And the first thing I did was enroll her in Justice Sonia Sotomayor University.
Because where else would she feel safe and represented and liberated,
but a university dedicated to the first Puerto Rican woman nominated to the Supreme Court of the United States?
and her first class is intergalactic revolutionaries and you.
And America is so excited.
She's ready to show off her strength.
She's ready to show off her portal punching skills.
And I stripped that safety net from her right away.
And I limited her powers.
And I changed up her location and shook up her world because that is what college is like,
especially if you're alone.
So when you got the assignment from Marvel, you went away and worked on it.

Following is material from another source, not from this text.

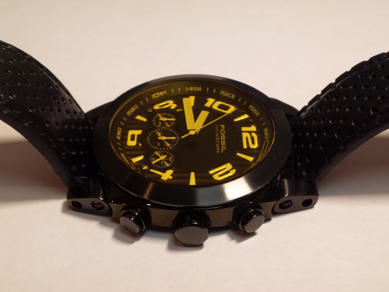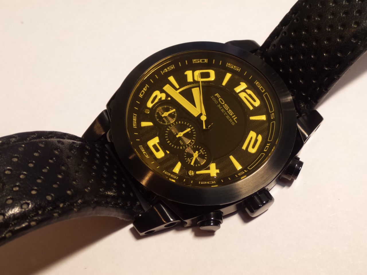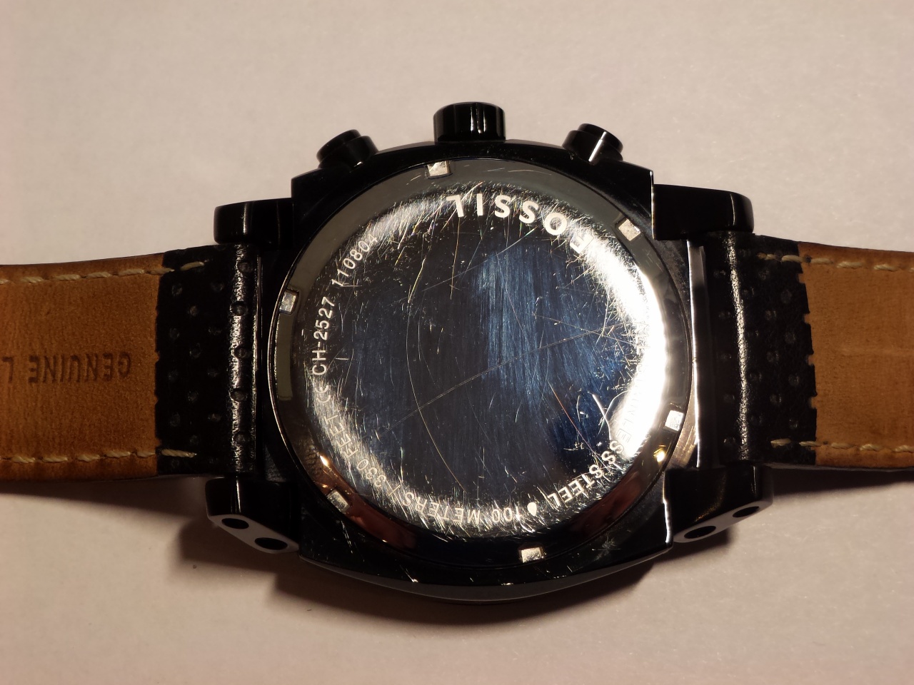 Более 10 лет назад я приобрел часы FOSSIL CH-2527 110804. Увидел я их в витрине магазина в Гостином Дворе (СПб). Они мне как-то приглянулись, и, в то время мне очень хотелось иметь чёрные часы. Часы в корпусе из стали с обычным стеклом жёлтого цвета, на корпусе указана водозащита 100 м., но я не погружал часы в воду, не рисковал. Часы стилизованы под спортивный хронограф, но малые циферблаты малоинформативны, хотя и рабочие. К ходу часов претензий нет. Внутри часов стоит кварцевый механизм , около 2см в диаметре. На внутренней стороне крышки часов красуется надпись CHINA. (Часы покупал в фирменном магазине) Ремешок кожаный, и даже сделан неплохо, только стал жестковат - эти часы я редко одеваю. Бакля симпатичная из черненой стали. Интересны подвижные элементы крепления ремешка к корпусу часов, сделанные из сатиновой черненой стали. Желтое стекло раньше меня раздражало, но сейчас я считаю такой дизайнерский ход вполне нормальным.

But what was their response when you handed them your first draft?
Were they like, yeah, abuela time, softness and the first Latina Supreme Court justice?
Or what did they think?
Yo, listen, this is like my favorite part, too, of the Marvel story because that editing team, like, well.
and Sarah were so game for all of it.
They loved it.
They ate it up.
Especially when I was like, I want Storm to come in and mentor America Chavez because I
had mentors and without them, I wouldn't be where I am.
They were like, we love that.
Here's 40 PDFs of Storm from the 1980s.
Let's give her the Mohawk.
See what we've done and then see what you can do to build upon it, right?
and I am super thankful for that.
And I feel like any team or company or creative entity that is hiring someone based off
of like their work, their identities, their queerness, their race, whatever it is, when you
bring them in, you got to support them like that.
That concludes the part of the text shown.